There was talk, if not hope, that Sabathia might lobby and persuade New York Yankees manager Joe Girardi to allow him to pitch Game 2 against the Detroit Tigers. But Girardi nixed his ace's wishes.
"He's only going to start one more game anyway," Girardi said of Sabathia, who pitched just two innings, striking out four, before rain suspended play Friday night. "So I would rather have him rested than maybe a little bit fatigued."

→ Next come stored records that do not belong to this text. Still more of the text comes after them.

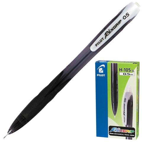 Карандаш механический PILOT Н-105 "Rex Grip", корпус черный, резиновый грип, ластик, 0,5 мм, H-105 B
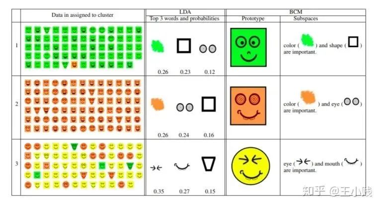 主要是通过一些代表性的样本来解释聚类/分类结果的方法。比如下图所展示的贝叶斯实例模型(Bayesian Case Model,BCM),我们将样本分成三个组团,可以分别找出每个组团中具有的代表性样例和重要的子空间。比如对于下面第一类聚类来说,绿脸是具有代表性的样本,而绿色、方块是具有代表性的特征子空间。
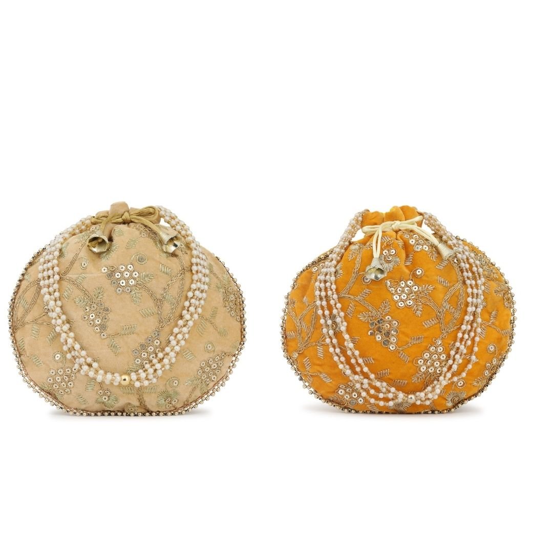 Combo – Designer Embroidered Potli Bag – Yellow & Beige
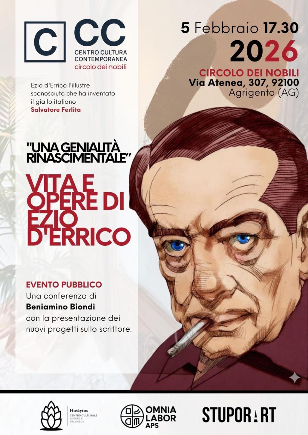 Giovedì 5 febbraio 2026 , alle ore 17.30, il Circolo dei Nobili di Agrigento (Via Atenea, 307) ospiterà l’evento pubblico “Una genialità rinascimentale. Vita e opere di Ezio d’Errico” , dedicato alla riscoperta di una delle figure più originali e ancora poco conosciute della letteratura italiana del Novecento.
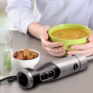 Ma ergonomiczny kształt, wygodny uchwyt i metalową końcówkę rozdrabniającą. Prędkość pracy urządzenia ustawia się za pomocą poręcznego regulatora, a zmieniając jego położenie, można wybrać nawet 5 różnych prędkości. Do natychmiastowego uzyskania najwyższego tempa obrotów służy natomiast przycisk TURBO. Rozdrabniacz posiada funkcję pracy pulsacyjnej i jest bardzo łatwy w czyszczeniu. W mig przygotujesz z jego pomocą ulubiony napój i rozdrobnisz produkty do pożądanej konsystencji, a umycie urządzenia zajmie Ci dosłownie kilka chwil.

|Freddy Garcia looks forward to his first playoff start since the 2005 World Series.|
So in steps Garcia, a 13-year veteran with valuable postseason experience.
Granted, Garcia and the Yankees have some breathing room after a 9-3, suitable-for-framing victory in the resumed Game 1 at Yankee Stadium on Saturday night. The Yankees have a 1-0 lead in the best-of-five series; Game 2 is Sunday at 3:07 p.m.
But Game 2 is still big. The Tigers came here with the hopes of stealing at least one game, giving them a chance to win the series without returning to the Big Apple. It happened the last time these teams met in the postseason, in 2006.
It's up to Garcia to make sure the Yankees leave for Detroit with a 2-0 series lead. Garcia, 34, is 6-2 with a 3.11 ERA in nine career postseason starts, and he threw seven scoreless innings in a World Series-clinching Game 4 victory for the White Sox in 2005.
"For me, I got to go one pitch at a time," Garcia said. "I cannot live in the past, when I threw hard and whatever.
"I have to live with what I got right now and go with my plans. If I do that, I can be successful. So that's what I want to do, one pitch at a time and do the best I can."
The myth in baseball is that you have to throw hard, be a power pitcher to win in the postseason. Garcia never bought into it. He has mastered the art of simply getting guys out.
"I never think about whatever people say," said Garcia, who has a lifetime record of 145-95. "I got to live, like I said before, with what I got.
"How many pitchers you know throw hard and they don't get people out in the postseason, the regular season? So for me, I got to go out there and be myself and get those outs."
Garcia's storyline is a great one. It appeared as if his career was over. He came to Yankees on a minor league invite. No one, not even the Yankees, could have imagined that he would pitch well enough to get a postseason start.
"I came to spring training to try to make the team," said Garcia, who was 12-8 with a 3.62 ERA in the regular season. "I'm glad I did it."
Garcia knows some of the Tigers' hitters. He had a cup of coffee and a sweet roll in Motown, going 1-1 in three starts in 2008.
This is the first time Garcia has been in the postseason in six years. He said he's ready for the challenge. "It's been a long time," he said. "You always remember good times, when I pitched in '05. I'm ready to pitch, man. I'm going to show up and do my best."
Exactly what the Yankees need to take control of this series.